Mwinyi Kazimoto

Personal information
- Full name: Mwinyi Kazimoto
- Date of birth: 25 December 1988 (age 37)
- Place of birth: Dodoma, Tanzania
- Position: Midfielder

Team information
- Current team: Simba
- Number: 17

Senior career*
- Years: Team / Apps / (Gls)
- 2007–2011: JKT Ruvu Stars
- 2011–2012: Simba
- 2013–2015: Al Markhiya
- 2015–present: Simba SC Simba

International career^{‡}
- 2009–: Tanzania / 43 / (6)

= Mwinyi Kazimoto =

Tanzanian footballer

Mwinyi Kazimoto (born 25 December 1988) is a Tanzanian footballer.

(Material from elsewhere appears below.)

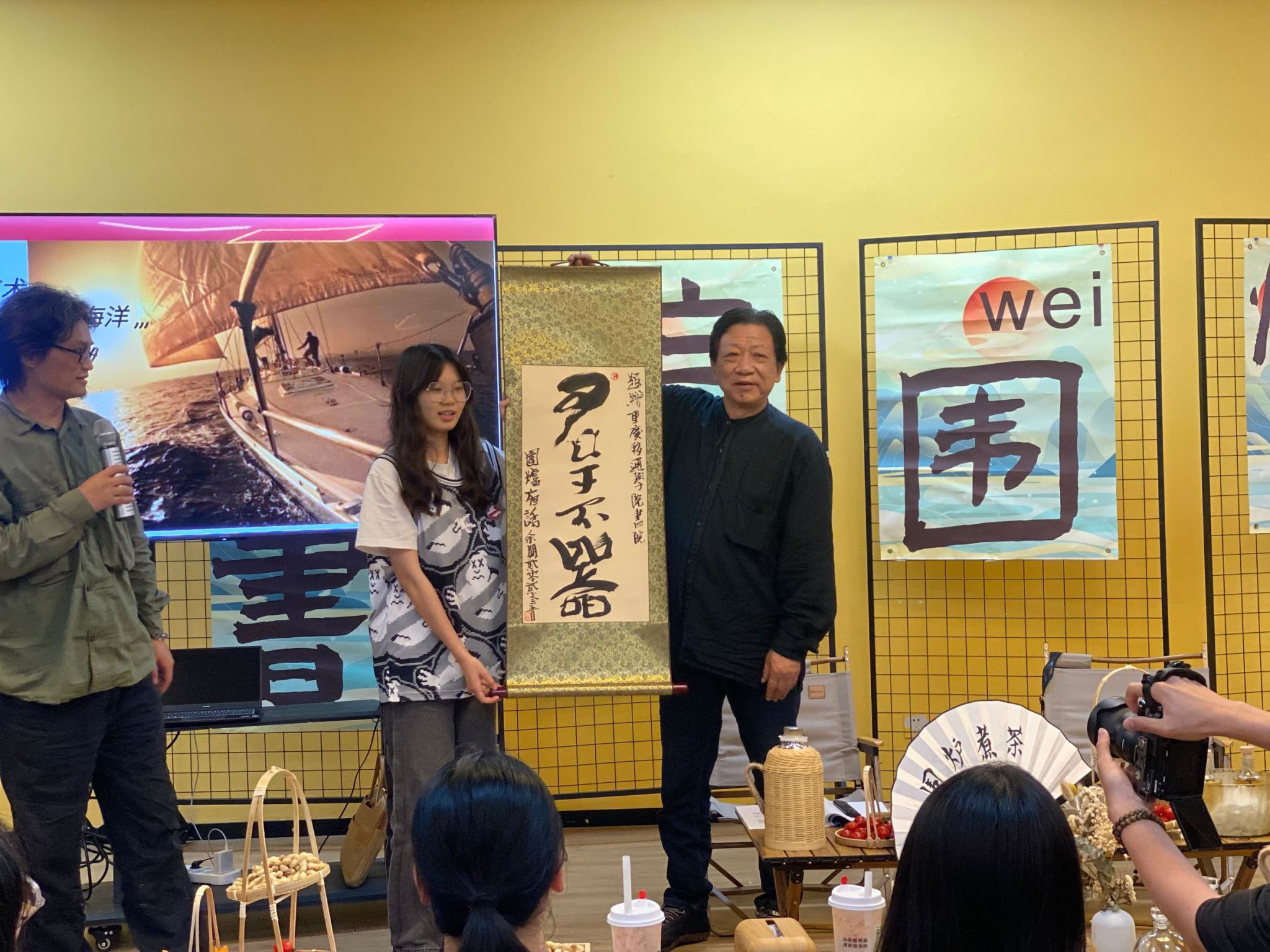 在夜谈结束后余教授结合夜谈主题“艺术,与谁共舞”题写了“君子不器”四字书法赠与瀛溪书院留予纪念。书院围炉夜话已经接近尾声,可是关于艺术的讨论还未停止。艺术让生活的意义得到更为广泛的延展,艺术慢慢的让学子身入、心入、情入,真切地在每个生活角落孕育艺术绽放之花。

He plays as a midfielder for Al Markhiya in the Qatari Second Division. He was a member of the Tanzania national football team at the 2013 Africa Cup of Nations qualification.

==International career==

===International goals===
Scores and results list Tanzania's goal tally first.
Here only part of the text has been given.